Input data:
= = =
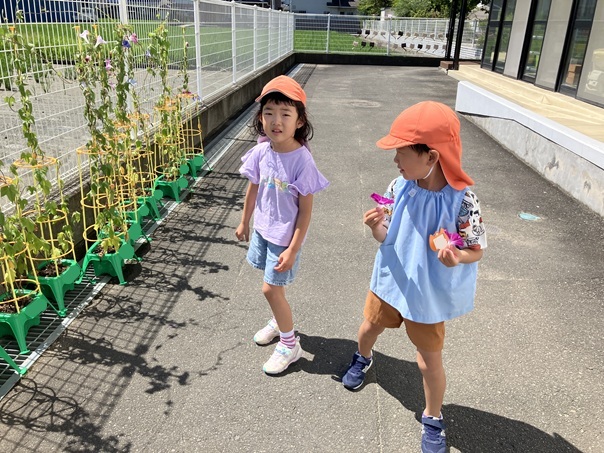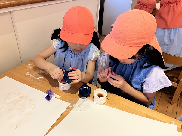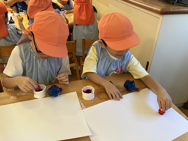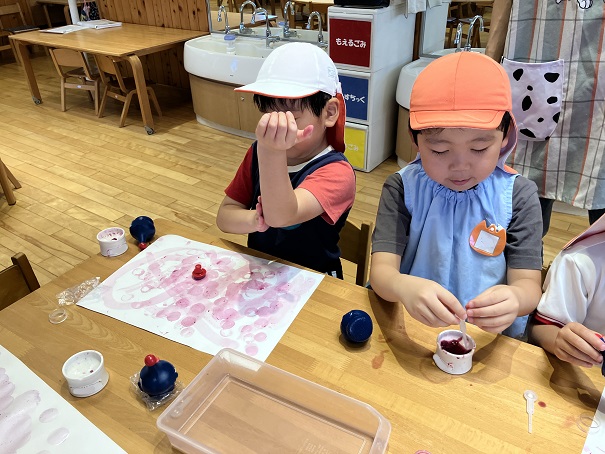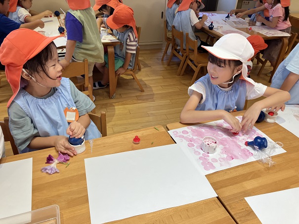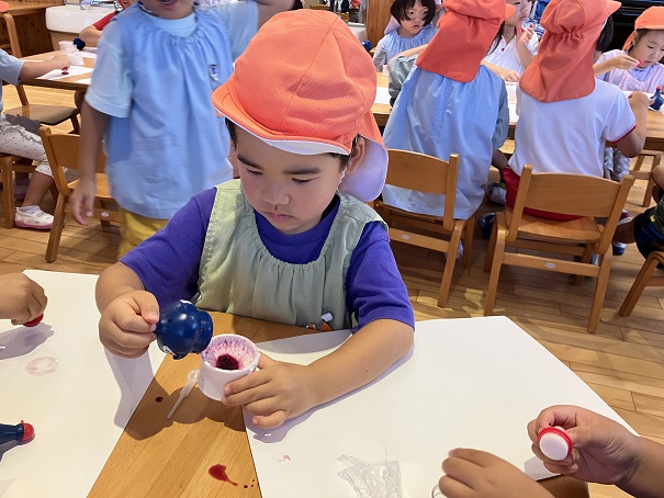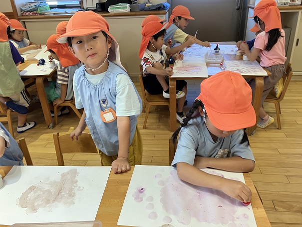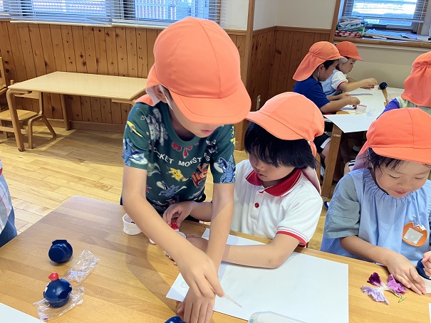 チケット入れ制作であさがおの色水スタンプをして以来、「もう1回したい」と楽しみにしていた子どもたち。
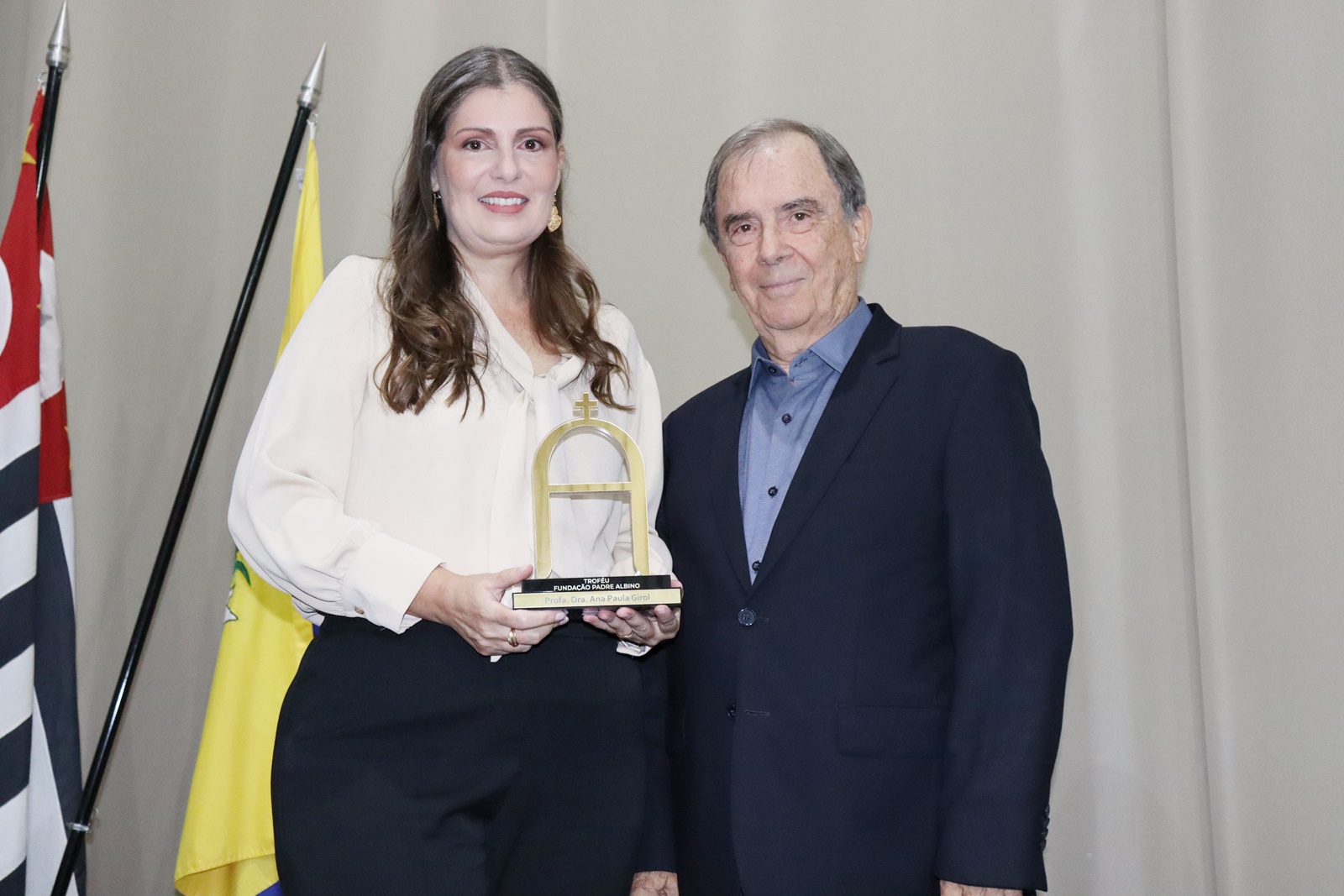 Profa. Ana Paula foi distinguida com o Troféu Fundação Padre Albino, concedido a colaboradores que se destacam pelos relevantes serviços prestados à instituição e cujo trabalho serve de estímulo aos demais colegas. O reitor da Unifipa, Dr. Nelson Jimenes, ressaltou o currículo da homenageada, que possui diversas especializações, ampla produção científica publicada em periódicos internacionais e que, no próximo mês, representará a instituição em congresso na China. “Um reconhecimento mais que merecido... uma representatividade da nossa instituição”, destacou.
= = =
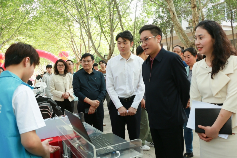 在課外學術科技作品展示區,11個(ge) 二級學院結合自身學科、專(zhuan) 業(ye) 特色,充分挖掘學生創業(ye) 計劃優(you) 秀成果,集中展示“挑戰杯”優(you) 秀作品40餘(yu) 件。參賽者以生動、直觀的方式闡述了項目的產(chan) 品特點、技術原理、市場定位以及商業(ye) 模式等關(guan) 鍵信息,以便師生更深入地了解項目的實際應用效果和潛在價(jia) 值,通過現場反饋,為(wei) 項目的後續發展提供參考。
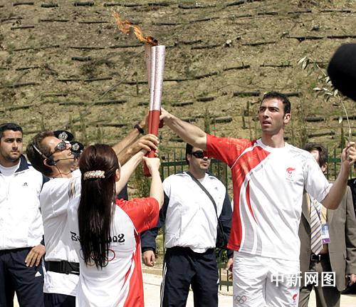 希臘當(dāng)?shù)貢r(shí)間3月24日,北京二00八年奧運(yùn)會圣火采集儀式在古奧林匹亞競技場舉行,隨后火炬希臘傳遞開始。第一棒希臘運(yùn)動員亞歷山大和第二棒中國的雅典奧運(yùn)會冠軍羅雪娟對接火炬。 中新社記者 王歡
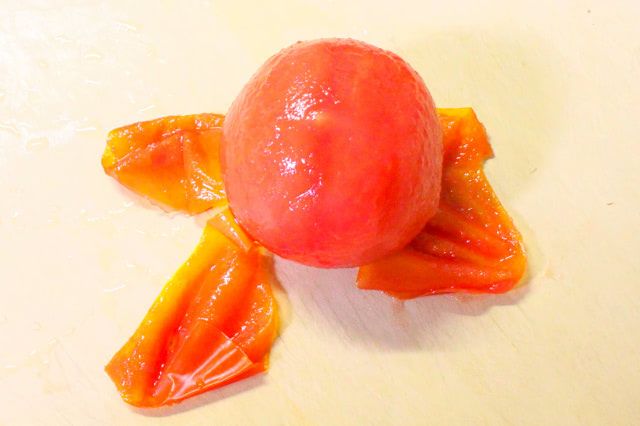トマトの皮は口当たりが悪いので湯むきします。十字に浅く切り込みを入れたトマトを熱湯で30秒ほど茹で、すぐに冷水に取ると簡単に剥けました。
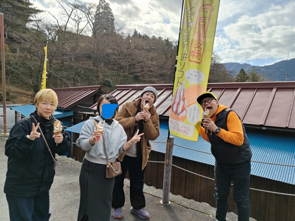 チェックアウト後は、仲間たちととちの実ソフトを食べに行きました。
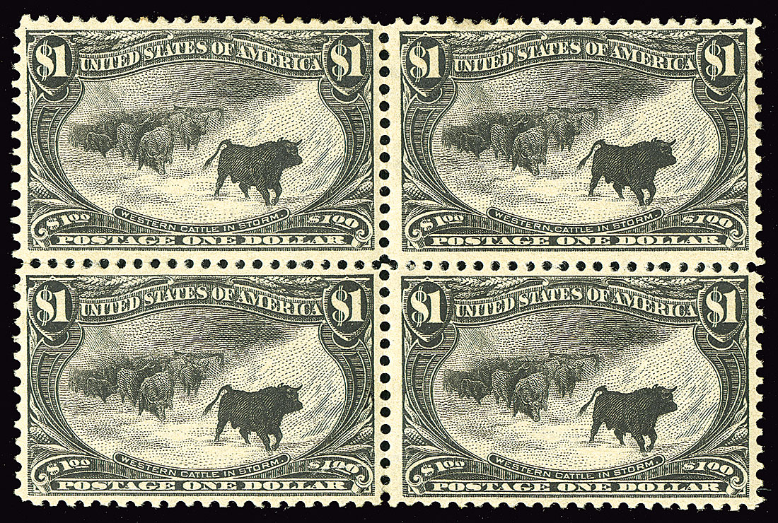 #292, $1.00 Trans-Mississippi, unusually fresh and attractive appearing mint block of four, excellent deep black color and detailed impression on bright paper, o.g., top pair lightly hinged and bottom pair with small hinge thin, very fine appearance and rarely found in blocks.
= = =
What needs to be done: Transcribe the listing above exactly, but only from the line with "在課外學術科技作品展示區,11個(ge) 二級學院結合自身學科、專(zhuan) 業(ye)" through the line with "#292, $1.00 Trans-Mississippi, unusually". Include both of those lines and omit the pictures.

Output for this exercise:
 在課外學術科技作品展示區,11個(ge) 二級學院結合自身學科、專(zhuan) 業(ye) 特色,充分挖掘學生創業(ye) 計劃優(you) 秀成果,集中展示“挑戰杯”優(you) 秀作品40餘(yu) 件。參賽者以生動、直觀的方式闡述了項目的產(chan) 品特點、技術原理、市場定位以及商業(ye) 模式等關(guan) 鍵信息,以便師生更深入地了解項目的實際應用效果和潛在價(jia) 值,通過現場反饋,為(wei) 項目的後續發展提供參考。
 希臘當(dāng)?shù)貢r(shí)間3月24日,北京二00八年奧運(yùn)會圣火采集儀式在古奧林匹亞競技場舉行,隨后火炬希臘傳遞開始。第一棒希臘運(yùn)動員亞歷山大和第二棒中國的雅典奧運(yùn)會冠軍羅雪娟對接火炬。 中新社記者 王歡
トマトの皮は口当たりが悪いので湯むきします。十字に浅く切り込みを入れたトマトを熱湯で30秒ほど茹で、すぐに冷水に取ると簡単に剥けました。
 チェックアウト後は、仲間たちととちの実ソフトを食べに行きました。
 #292, $1.00 Trans-Mississippi, unusually fresh and attractive appearing mint block of four, excellent deep black color and detailed impression on bright paper, o.g., top pair lightly hinged and bottom pair with small hinge thin, very fine appearance and rarely found in blocks.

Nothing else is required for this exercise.